Today’s largest HPC systems are dominated (492 of the Top 500) by processors using two instruction sets (x86, Power) from three vendors (Intel, AMD, IBM). These processors have been typically designed for the highest single thread performance, but suffer from high cost (several hundred dollars to over $1500) and power demand (around 60-100W). As we build even larger and higher performance systems moving towards exascale, we might explore other avenues for delivering cost-efficient compute performance and reducing the power consumed by these systems.
In particular, there are at least three good reasons to explore whether processors designed for mobile systems can play a role in HPC, which I call innovation, federation and customization. Innovation, because the future of computing innovation is not on the desktop or in servers, but in ubiquitous computing, the internet of things. Federation, because embedded processors, like ARM-architecture devices, are available from a variety of vendors, thus freeing customers from single suppliers, allowing outstanding price and feature competition and increased innovation and flexibility. Customization, because the mobile market thrives on various manifestations of customization, and we in HPC might be able to take advantage of that.
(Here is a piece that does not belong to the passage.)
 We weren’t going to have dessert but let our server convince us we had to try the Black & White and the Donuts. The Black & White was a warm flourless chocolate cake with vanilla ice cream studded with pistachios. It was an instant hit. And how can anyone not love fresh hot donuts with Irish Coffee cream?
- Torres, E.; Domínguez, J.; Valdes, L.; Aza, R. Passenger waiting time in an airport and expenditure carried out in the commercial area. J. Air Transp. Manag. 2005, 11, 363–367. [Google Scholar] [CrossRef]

Here, we use ARM-architecture processors as representative of mobile system processors, if only because ARM so dominates that space, though other possible processors include x86 (Intel Atom and AMD Geode), IBM PowerPC, MIPS, even embedded SPARC.
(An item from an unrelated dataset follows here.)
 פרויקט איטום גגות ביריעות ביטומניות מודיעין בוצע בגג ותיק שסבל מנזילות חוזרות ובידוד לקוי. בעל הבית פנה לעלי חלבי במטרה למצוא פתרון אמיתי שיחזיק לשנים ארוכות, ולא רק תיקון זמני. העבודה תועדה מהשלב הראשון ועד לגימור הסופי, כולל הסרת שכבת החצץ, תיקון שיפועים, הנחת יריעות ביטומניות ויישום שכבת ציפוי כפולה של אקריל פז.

Innovation in the Post-PC World
In 2007, Steve Jobs predicted an upcoming explosion of “post-PC devices,” using the iPod as an example. He didn’t mean to suggest that the PC was dying or was doomed to eventual extinction, any more than PCs killed off workstations or mainframes. He meant that the growth seen in the PC industry was unlikely to continue at the same pace, and, as we’ve seen recently, the new growth path has been moving to phones, tablets, and other mobile, untethered, networked devices. This means that the innovators which have driven the PC world to ever greater capabilities have been moving to these new post-PC devices and ubiquitous computing. Hardware innovation is tending towards smaller, lower power devices.
Why do we care? Historically, supercomputers have been built with the devices available at the time. The first Cray-1 used four types of semiconductor chips: two types of NOR gates (fast for logic, bigger but slower for memory fanout), and two types of static RAM (fast for registers, slower but bigger for memory), and lots of wire. Contemporary supercomputers were built with essentially mainframe technology, mostly by the mainframe manufacturers.
A number of research parallel processors were designed, built and productively used in the 1980s using essentially workstation technology: printed circuit boards usually populated with commodity processors and connected by a high speed network. By the mid-1990s, massively parallel processors using RISC chips dominated the Top 500 supercomputer list.
In 2000, Intel introduced the Pentium 4, adding the double precision vector SSE2 instructions to the x86 family. This made the x86 a viable candidate for real supercomputing. Given the cost advantages of using high volume parts, more parallel supercomputers were designed using Intel and AMD processors. Within four years, over half the Top 500 supercomputers used some flavor of x86 processors, and that number is now close to 90%.
The cost of developing viable processors customized for general-purpose HPC is prohibitive, requiring system architects to use the best available commodity processors. Perhaps the one exception to that rule is IBM, which designed a special PowerPC chip for Blue Gene, though they adapted an existing commodity embedded processor rather than building a bespoke processor. When commodity innovation moves to the mobile world, we in the HPC industry may have to look at mobile processors as potentially the most cost effective solutions to our compute problems.
The Federation vs. the Empire
ARM, Ltd. doesn’t actually produce and sell chips. ARM licenses the core IP to vendors who include ARM cores in their own products. Most of these designs are Systems-on-chip (SOCs), including much of the glue logic on the same chip as the processor, as well as application-specific logic. This makes for better integration and lower part count for the eventual customer.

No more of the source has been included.